The Movie Waffler New Release Review [Shudder] - NIGHT’S END | The Movie Waffler

New Release Review [Shudder] - NIGHT’S END

night's end review
An agoraphobe seeks help online when he discovers his apartment is haunted.

Review by Eric Hillis

Directed by: Jennifer Reeder

Starring: Geno Walker, Kate Arrington, Felonious Munk, Lawrence Grimm, Michael Shannon

night's end poster

Focussed on a single central character who never leaves their apartment and communicates with others through his laptop, Jennifer Reeder's Night's End may never reference Covid, but it's very a product of the pandemic. While lockdown era horror movies like the earlier Shudder original Host doubled down on having their action play out entirely on computer screens, Night's End finds itself caught in a no man's land, part conventional haunted house movie, part screenlife thriller.

night's end review

Like Steven Soderbergh's product of the pandemic, Kimi, Night's End features an agoraphobic protagonist. Ken (Geno Walker) has moved into a new apartment far from his ex-wife and their daughters following a breakdown that resulted in him losing his job. Refusing to leave his home, Ken orders his food from the web and naively sets about becoming a YouTube star, uploading videos on a  variety of topics from lawn care to man management, none of which he seems particularly invested in.


Ken also likes to dabble in taxidermy, and while recording one of his videos, he notices one of his stuffed birds fall from a shelf as though pushed by an invisible hand. Egged on by a friend (Felonious Monk), Ken jumps to the conclusion that his new home must be haunted. Doing some research he discovers that a woman previously committed suicide in the building. Contacting a paranormal author (nominative determinism's Lawrence Grimm) and the host of a supernatural YouTube show (Daniel Kyri), Ken is manipulated into dabbling with things best left alone.

night's end review

Initially, Reeder and Walker do a good job of establishing the rut Ken has gotten himself stuck in.
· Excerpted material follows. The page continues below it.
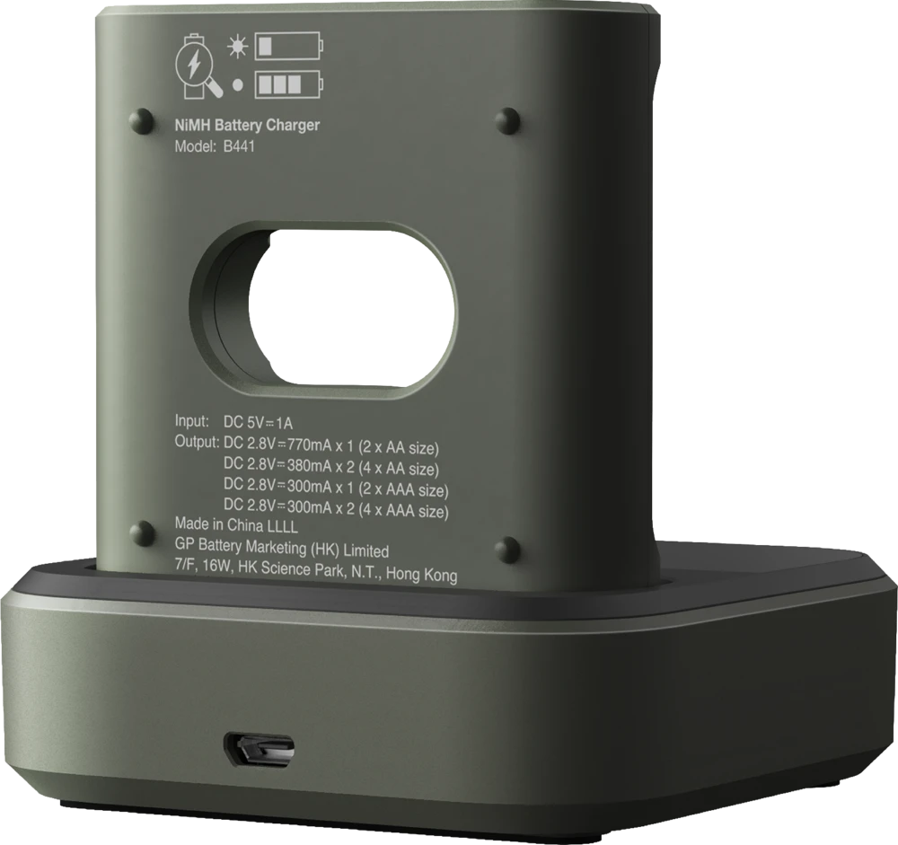 B441 lataa neljä 2100mAh AA-paristoa tai neljä 850mAh AAA-paristoa 3-6 tunnissa USB-liitännän kautta. Voit seurata latauksen etenemistä LED-merkkivalojen avulla, jotka näyttävät latauksen tilan samoin kuin jos laturiin on asetettu kertakäyttöisiä paristoja tai kelvottomia akkuja. Toinen turvaominaisuus on automaattinen virrankatkaisuajastin ja täyden latauksen -dV-tunnistus, joka auttaa välttämään ylilatausta, ylijännitettä ja oikosulkua sekä estämään akun vioittumista.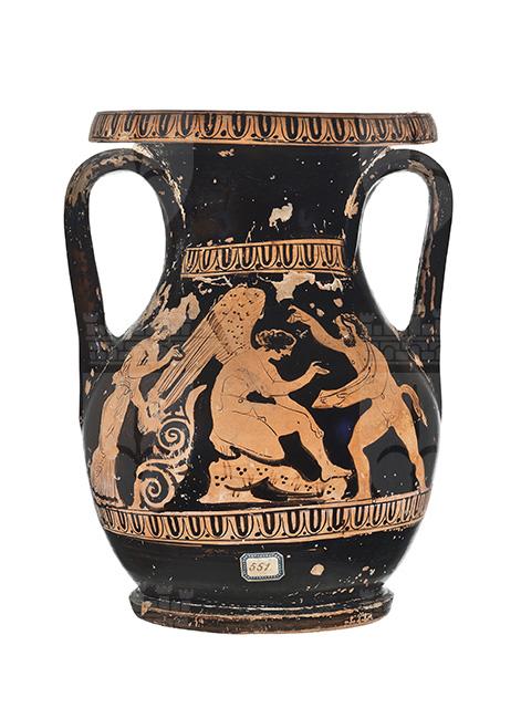 Argilla giallo rossastra (5YR 6/6 Munsell); vernice lucente, di buona qualità, ben conservata ma scalfita e diluita in alcuni punti. Le scalfitture sono presenti su tutte le zone del vaso in maniera omogenea; in particolar modo presso la zona dell'orlo, del collo, delle anse e del piede. Il vaso presenta un corpo piriforme con breve collo a profilo concavo, labbro estroflesso e largo piede a disco. La coppia di anse verticali a nastro è impostata tra spalla e collo. Decorazione del lato A: al centro della scena è raffigurato di prospetto un erote alato seduto. Il piumaggio delle ali è stato reso in modo stilizzato per mezzo di puntini e una fitta fila di trattini verticali nella parte superiore, mentre parte inferiore delle ali è resa con una decorazione a nette linee incise, interrotte soltanto per dare spazio alla mano della donna sulla sinistra. Il supporto su cui è accovacciato l'erote, invece, è costituito da una roccia, il cui materiale è reso da un motivo di tre puntini alternati a doppi trattini verticali. La figura femminile, raffigurata di profilo e vestita con uno stretto chitone drappeggiato, è ritratta nell'atto di reggere forse uno strumento. A destra dell'erote, invece, è raffigurato un satiro barbato danzante, con coda e orecchie equine, che regge un otre con il braccio e la mano sinistra. Decorazione del lato B: sono raffigurati due giovani ammantati, stanti e di profilo, a colloquio. I due sono ritratti uno di fronte all'altro, entrambi rivolti verso il centro della scena. Il giovane a destra porta il peso sulla sola gamba destra, mentre l'altra, il cui polpaccio è lasciato appena scoperto dalla veste, è piegata, a riposo. Tra i due, proprio al centro della scena, è raffigurato un oggetto di forma circolare, forato al centro, identificabile come un altere (peso usato nelle gare di salto in lungo). La decorazione accessoria è costituita da un meandro costituito dalla sequenza ovulo-guscio-puntino, che si ritrova non solo sul labbro, ma anche sopra e sotto le scene figurate. Due sottili filetti graffiti decorano rispettivamente il punto di stacco tra ventre e piede e il bordo superiore dello spessore del piede.

His monotonous morning routine of coffee topped up with Pepto-Bismol serves as a clever way of illustrating his descent into paranoia, as the ratio of coffee to Pepto-Bismol gradually increases in favour of the latter with each passing day. Director and leading man help us get into this character's troubled mind, but once the spooky stuff kicks in the film's tone takes a turn towards cheesiness. Grimm plays his sinister author so broadly that it's difficult to buy into his character existing in the same film as Ken. Michael Shannon adds some star power as the new husband of Ken's ex-wife (Kate Arrington), but he looks directionless in his few scenes, as though they were shot at short notice in a single afternoon when he suddenly became available. His presence among a cast of otherwise relative unknowns only serves to take us out of the drama every time he appears.


Night's End is so reliant on Ken's zoom conversations that you can't help but wonder if Reeder might have been better off following the lead of Host and having her entire film play out on Ken's laptop screen. There are too many cheap storytelling shortcuts here, with characters on Ken's screen too often doling out exposition as they conveniently fill in his backstory.

night's end review

Kudos to Reeder for bucking horror tradition and giving us a male protagonist, proving that a burly bloke can generate as much empathy as a dainty babysitter. Ultimately that's the only really notable element of Night's End, a by-the-numbers haunted home thriller that descends into unintentional laughs in a climax dogged by cheap special effects.

Night's End is on Shudder from March 31st.